(Extracted data entries)
- - -

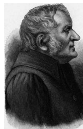
John Dalton, elected 1834, FHM.

Current affiliation: Oregon State University
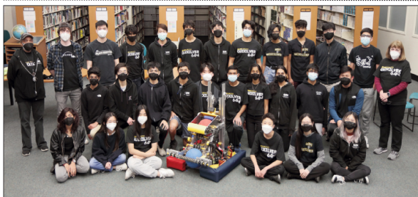
The Leland Quixilver Robotics Team will be competing at the Silicon Valley Regional (SVR) on April 8 through April 10.
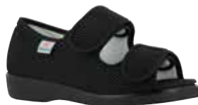
58882S Göteborg 60 black Page 31
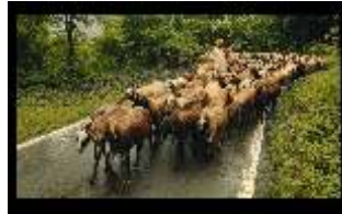
Sanket Rathod Acpt
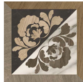
IEL88P2 Elite pattern #2 7.75" x 7.75" Sq. Ft.$15.95 - Pc. $6.79
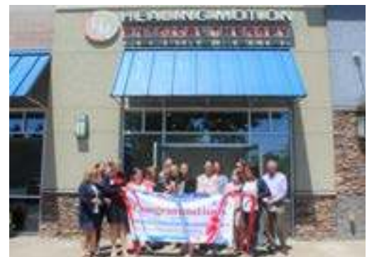
Healing Motion Physical Therapy June 30th

- - -

Find "The Leland Quixilver" in the entries, then reproduce that line and each line after it exactly, through the last one. Pictures do not go in.

The Leland Quixilver Robotics Team will be competing at the Silicon Valley Regional (SVR) on April 8 through April 10.
58882S Göteborg 60 black Page 31
Sanket Rathod Acpt
IEL88P2 Elite pattern #2 7.75" x 7.75" Sq. Ft.$15.95 - Pc. $6.79
Healing Motion Physical Therapy June 30th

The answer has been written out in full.